» What to do
Exactly as written, copy every line from the one containing "Pistole na pěnové" through the end of the records, with the pictures left out.

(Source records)
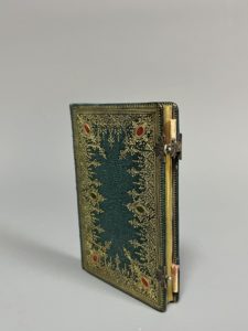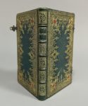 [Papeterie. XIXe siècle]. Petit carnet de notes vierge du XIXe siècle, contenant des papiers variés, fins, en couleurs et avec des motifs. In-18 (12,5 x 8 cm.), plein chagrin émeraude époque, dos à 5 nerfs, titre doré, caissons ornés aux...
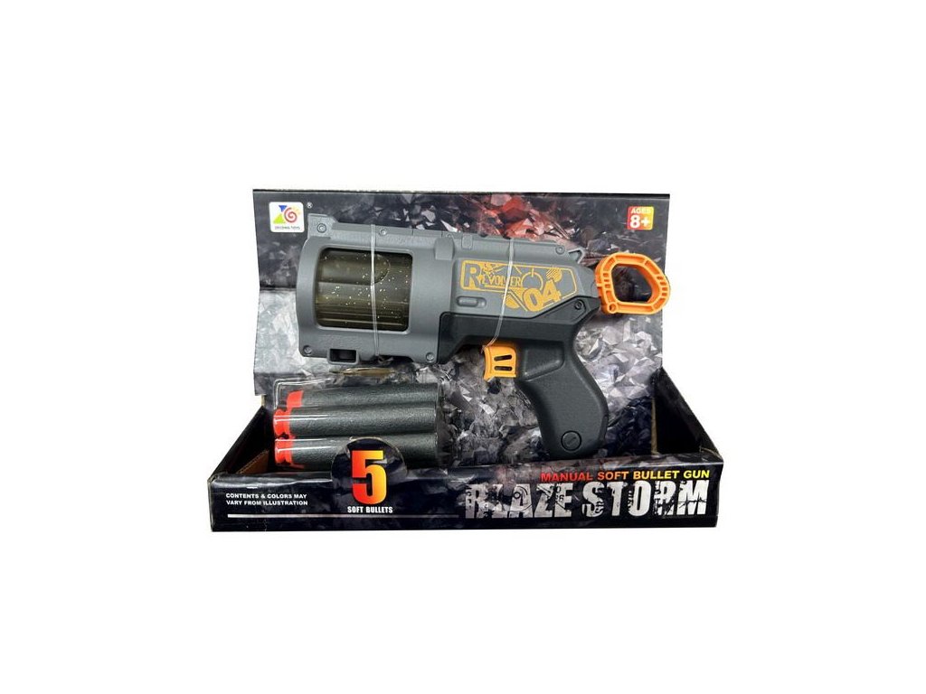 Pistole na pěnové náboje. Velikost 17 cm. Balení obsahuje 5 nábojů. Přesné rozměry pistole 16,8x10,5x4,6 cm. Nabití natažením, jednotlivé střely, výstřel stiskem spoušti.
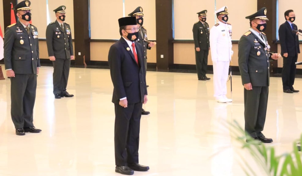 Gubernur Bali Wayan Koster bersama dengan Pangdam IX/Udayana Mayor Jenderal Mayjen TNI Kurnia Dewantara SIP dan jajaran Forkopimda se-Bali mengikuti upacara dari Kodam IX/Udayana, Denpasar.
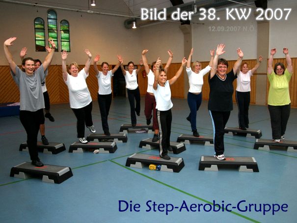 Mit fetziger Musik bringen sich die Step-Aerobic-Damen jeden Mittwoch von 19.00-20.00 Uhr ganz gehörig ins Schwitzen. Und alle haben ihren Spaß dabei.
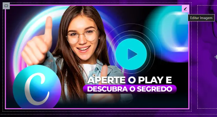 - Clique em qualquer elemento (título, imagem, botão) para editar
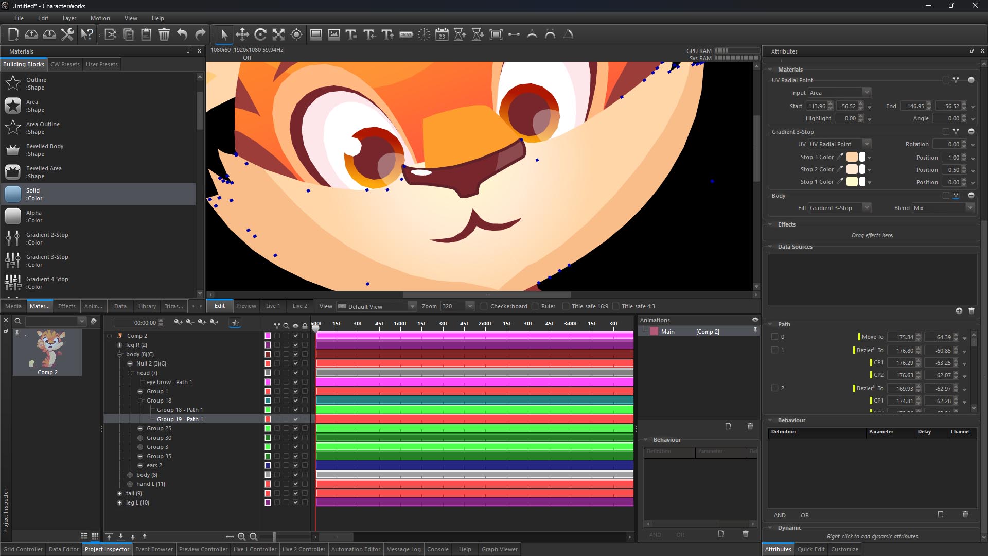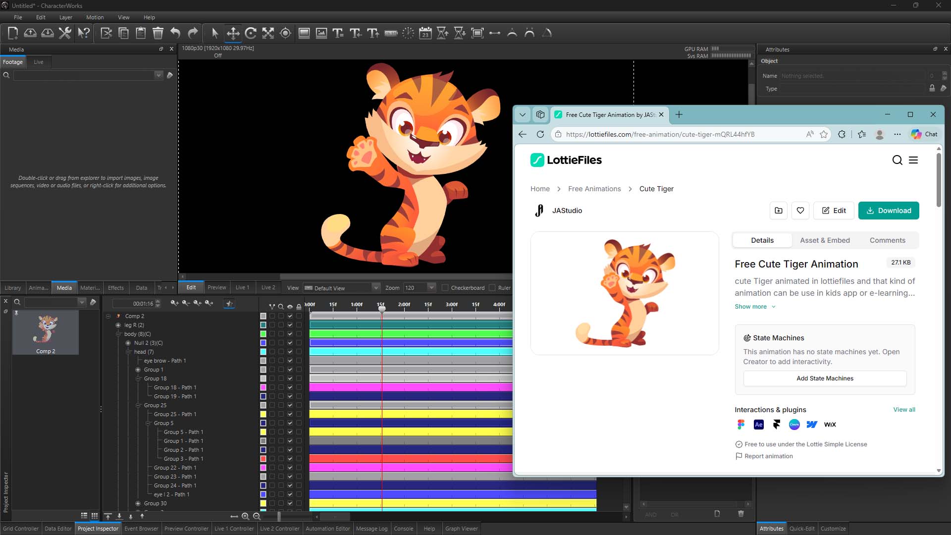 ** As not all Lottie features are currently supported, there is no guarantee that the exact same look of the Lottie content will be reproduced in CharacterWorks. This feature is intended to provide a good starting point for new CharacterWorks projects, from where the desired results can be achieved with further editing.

» Answer to the exercise
 Pistole na pěnové náboje. Velikost 17 cm. Balení obsahuje 5 nábojů. Přesné rozměry pistole 16,8x10,5x4,6 cm. Nabití natažením, jednotlivé střely, výstřel stiskem spoušti.
 Gubernur Bali Wayan Koster bersama dengan Pangdam IX/Udayana Mayor Jenderal Mayjen TNI Kurnia Dewantara SIP dan jajaran Forkopimda se-Bali mengikuti upacara dari Kodam IX/Udayana, Denpasar.
 Mit fetziger Musik bringen sich die Step-Aerobic-Damen jeden Mittwoch von 19.00-20.00 Uhr ganz gehörig ins Schwitzen. Und alle haben ihren Spaß dabei.
 - Clique em qualquer elemento (título, imagem, botão) para editar
 ** As not all Lottie features are currently supported, there is no guarantee that the exact same look of the Lottie content will be reproduced in CharacterWorks. This feature is intended to provide a good starting point for new CharacterWorks projects, from where the desired results can be achieved with further editing.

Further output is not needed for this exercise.